While tracing the boundary-line of the glaciated area in the Mississippi Valley during the summer of 1882, I discovered the existence of unmistakable glacial deposits in Boone County, Kentucky, across the Ohio River, from Cincinnati.[CH]; These deposits were upon the height of land 550 feet above the Ohio River, or nearly 1,000 feet above the sea, which is about the height of the water-shed between the Licking and Kentucky Rivers. As the Ohio River occupies a trough of erosion some hundreds of feet in depth, and extending all the way from this point to the mountains of western Pennsylvania, it would follow that the ice which conveyed boulders across the Ohio River at Cincinnati, and deposited them upon the highlands between the Licking and Kentucky Rivers, would so obstruct the channel of the Ohio as to pond the water back, and hold it up to the level of the lowest pass into the Ohio River farther down. Direct evidences of obstruction by glacial ice appear also for a distance of fifty or sixty miles, extending both ways, from Cincinnati.

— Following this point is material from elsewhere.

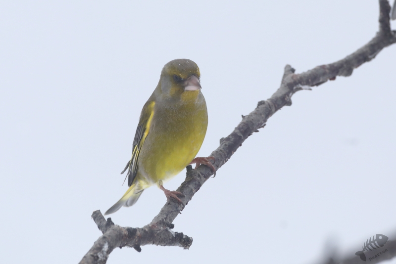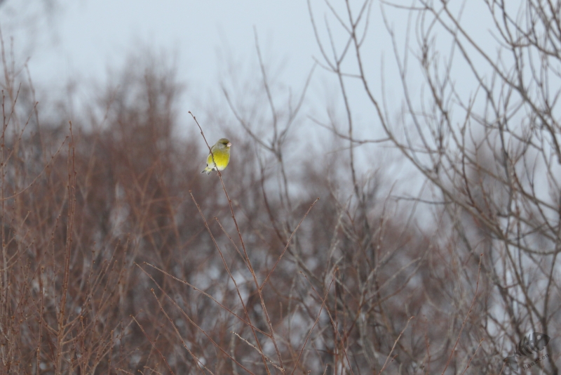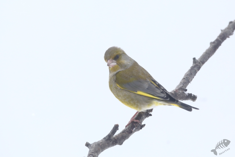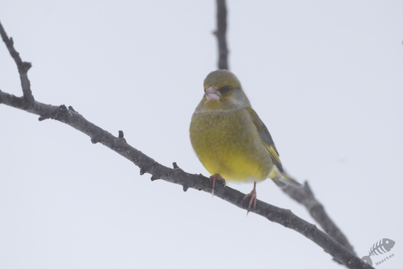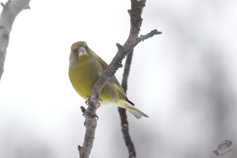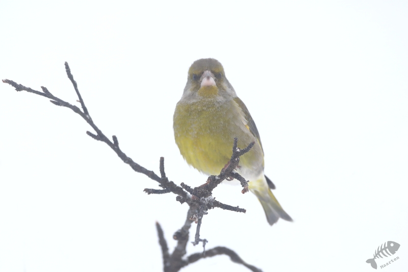 Ik heb af en aan aan de tafel voor de birdfeeder gezeten en dus heel wat foto’s gemaakt. Wat later in de middag viel m’n oog op een Groenling wat verderop in de boompjes. Het geel van de vogel was zó intens dat het bijna leek alsof hij licht gaf.

[CH] The existence of portions of this evidence had previously been pointed out by Mr. Robert B. Warder and Dr. George Sutton (see Geological Reports of Indiana, 1872 and 1878).

The consequences connected with this state of things are of the most interesting character.

The bottom of the Ohio River at Cincinnati is 432 feet above the sea-level. A dam of 550 feet would raise the water in its rear to a height of 982 feet above tide. This would produce a long, narrow lake, of the width of the eroded trough of the Ohio, submerging the site of Pittsburg to a depth of 281 feet, and creating slack water up the Monongahela nearly to Grafton, West Virginia, and up the Alleghany as far as Oil City. All the tributaries of the Ohio would likewise be filled to this level. The length of this slack-water lake in the main valley, to its termination up either the Alleghany or the Monongahela, was not far from one thousand miles. The conditions were also peculiar in this, that all the northern tributaries rose within the southern margin of the ice-front, which lay at varying distances to the north. Down these there must have poured during the summer months immense torrents of water to strand boulder-laden icebergs on the summits of such high hills as were lower than the level of the dam.

Naturally enough, this hypothesis of a glacial dam at Cincinnati aroused considerable discussion, and led to some differences of opinion. Professors I. C. White and J. P. Lesley, whose field work has made them perfectly familiar with the upper Ohio and its tributaries, at once supported the theory, with a great number of facts concerning certain high-level terraces along the Alleghany and Monongahela Rivers; while additional facts of the same character have been brought to light by myself and others. In general, it may be said that in numerous places terraces occur at a height so closely corresponding to that of the supposed dam at Cincinnati, that they certainly strongly suggest direct dependence upon it. The upward limit of these terraces in the Monongahela River is 1,065 feet, and they are found in various places in situations which indicate that they were formed in still water of such long standing as would require an obstruction below of considerable permanence.

One of the most decisive cases adduced by Professor White occurs near Morgantown, in West Virginia, of which he gives the following description:

“Owing to the considerable elevation—275 feet—of the fifth terrace above the present river-bed in the vicinity of Morgantown, its deposits are frequently found far inland from the Monongahela, on tributary streams. A very extensive deposit of this kind occurs on a tributary one mile and a half northeast of Morgantown; and the region, which includes three or four square miles, is significantly known as the ‘Flats.’ The elevation of the ‘Flats’ is 275 feet above the river, or 1,065 feet above tide. The deposits on this area consist almost entirely of clays and fine, sandy material, there being very few boulders intermingled. The depth of the deposit is unknown, since a well sunk on the land of Mr. Baker passed through alternate beds of clay, fine sand, and muddy trash, to a depth of sixty-five feet without reaching bed-rock. In some portions of the clays which make up this deposit, the leaves of our common forest-trees are found most beautifully preserved.

“At Clarksburg, where the river unites with Elk Creek, there is a wide stretch of terrace deposits, and the upper limit is there about 1,050 feet above tide, or only 130 feet above low-water (920 feet); while at Weston, forty miles above (by the river), these deposits cease at seventy feet above low water, which is there 985 feet above tide. It will thus be observed that the upper limit of the deposits retains a practical horizontality from Morgantown to Weston, a distance of one hundred miles, since the upper limit has the same elevation above tide (1,045 to 1,065 feet) at every locality.